Topo Cloning of prmA-mRFP gBlock

  1. TOPO colone prmA-mRFP gBlock using TOPO Blunt kit. The plasmid has a kanamycin (Kan) resistant cassette.
  2. Transform 3 L TOPO ligation reaction into NEB5-alpha cells.
  3. Screen NEB5-alpha/pTOPO-Blunt-prmA-mRFP gBlock clones.

Topo Cloning of GBlock

Using Zero Blunt TOPO PCR Cloniing Kit, mix the following together (in order of descending volume) in an 1.5 mL eppendorf tube.

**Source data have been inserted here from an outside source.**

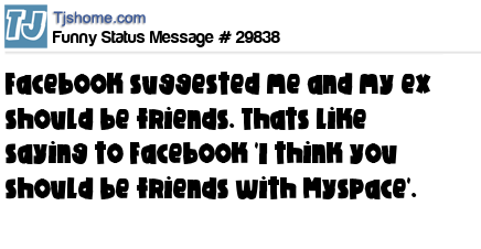 X says facebook suggested me and my ex should be friends. Thats like saying to Facebook 'I think you should be friends with Myspace'.
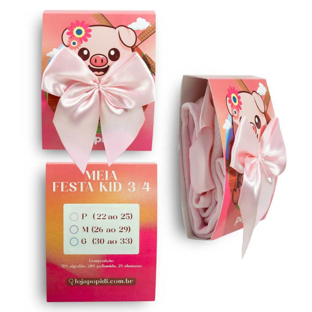 MEIA FESTA 3/4 Tamanho da Forma: Normal - Recomendamos que compre o tamanho padrão de uso, para melhor calce e maior conforto. Cores Disponíveis: • ROSA • BRANCO • PRETO Especificação Técnica: • Tipo de produto: Meia ¾ Infantil. • Composição: 70% Algodão, 28% Poliamida, 2% Elastano. • Peso médio do produto: 49g. • Numeração: Será enviada pelo critério de escolha. • Embalagem: Esse produto não é entregue em caixa individual. Tabela de Medidas: 22 ao 25 ---------------- 11,6 largura x 22,2 altura (cano) cm (P) 26 ao 29 ---------------- 12,2 largura x 24,00 altura (cano) cm (M) 30 ao 33 ---------------- 15,5 largura x 25,5 altura (cano) cm (G) Como Medir: Coloque o pé em cima de uma folha de papel e risque em volta dele com um lápis ou caneta. Meça o comprimento do topo até a base do contorno e adicione 0,5 cm de folga. Limpeza e Conservação: Evite usar substâncias abrasivas como álcool ou alvejantes nas meias, use produtos neutros. Nunca lave na máquina ou use secadora, a secagem deve ser feita em temperatura ambiente e na sombra, nunca no sol. Dicas Pópidi A meia festa 3/4 é perfeita para incrementar um look fofo e estiloso. Ideal para usar com tênis, sapatilhas e se quiser algo diferente, aposte em galochas. Esse modelo possui um detalhe de laço em cetim na lateral externa, ótima opção para usar com looks mais despojados, como um shortinho ou sainha jeans. Arrase nas combinações! Sobre a Marca: Conectados com o universo infantil através de produtos que transmitem nossos valores, a Pópidi acompanha o dia a dia da criança com muito respeito, dedicação e atitude, desde o nascimento até a pré-adolescência. Oferecemos proteção, conforto e estilo, buscando sempre inovar a cada lançamento. Cuidando com excelência da relação pré e pós-vendas, afinal a satisfação de nossos clientes é muito importante para nós. Atendimento: Segunda à sexta: 07:00 às 17:30 Sábado: 08:00 às 12:00 Boas compras e volte sempre!!!
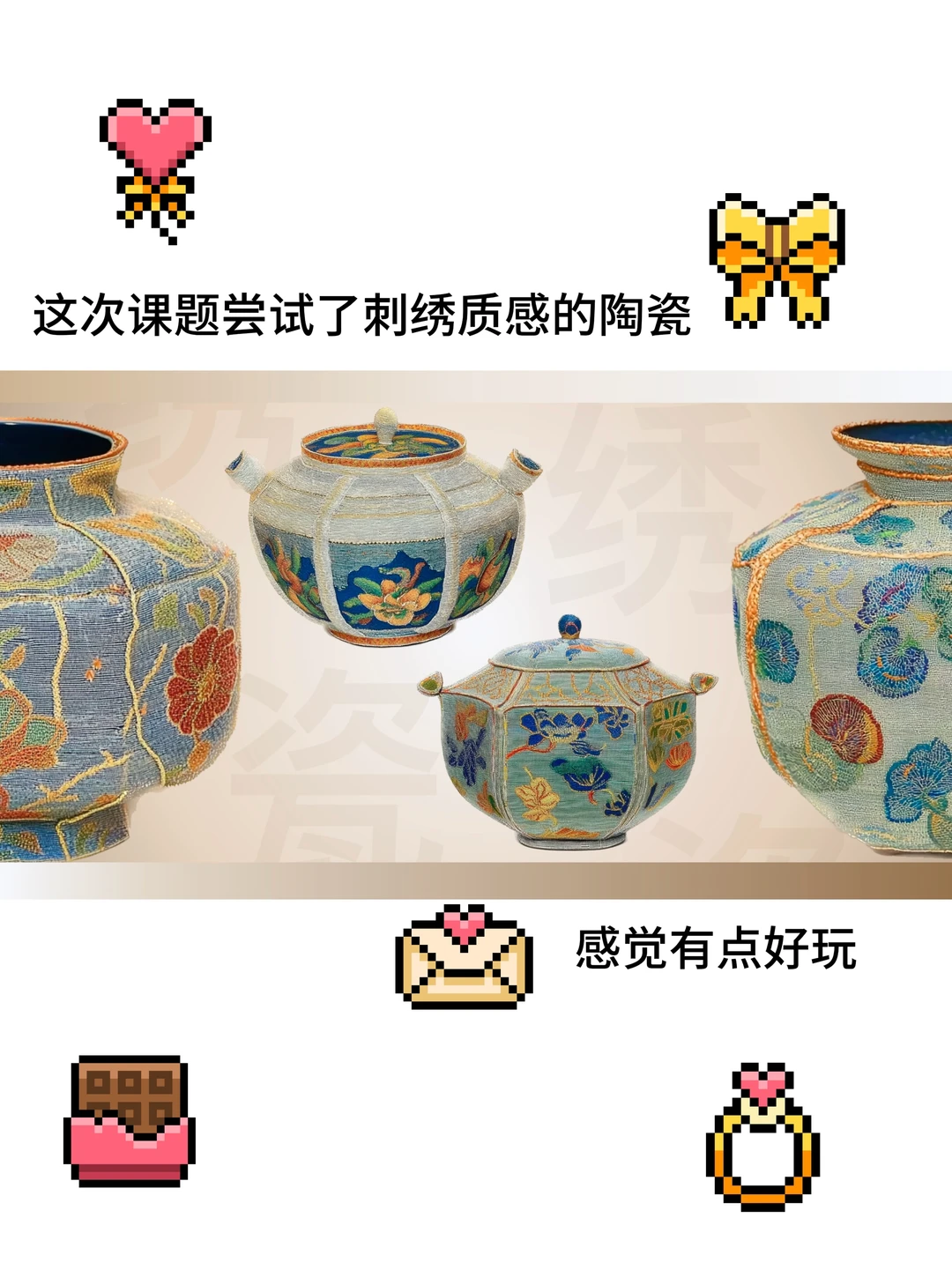 ·新的课题做了陶瓷器型和刺绣片片材质结合尝试,还感觉挺好看的,以后可以深入研究一下

  1. 0.5-4 uL gBlock (2 uL were used this time)
  2. 1uL salt solution
  3. 1uL PCR Blunt II-TOPO
  4. add 18 ohm sterile water to a total of 5uL (1uL was used this time)
  5. Final Volume: 6uL

To ensure minute amounts of liqud are mixing, pippete up and down a few drops. The small centrifuge can also be used for a couple seconds to ensure liquid goes to the bottom of the eppindorm tube.

Incubate at room temperature for 30 minutes. Freeze at -20 degrees Celsius to store.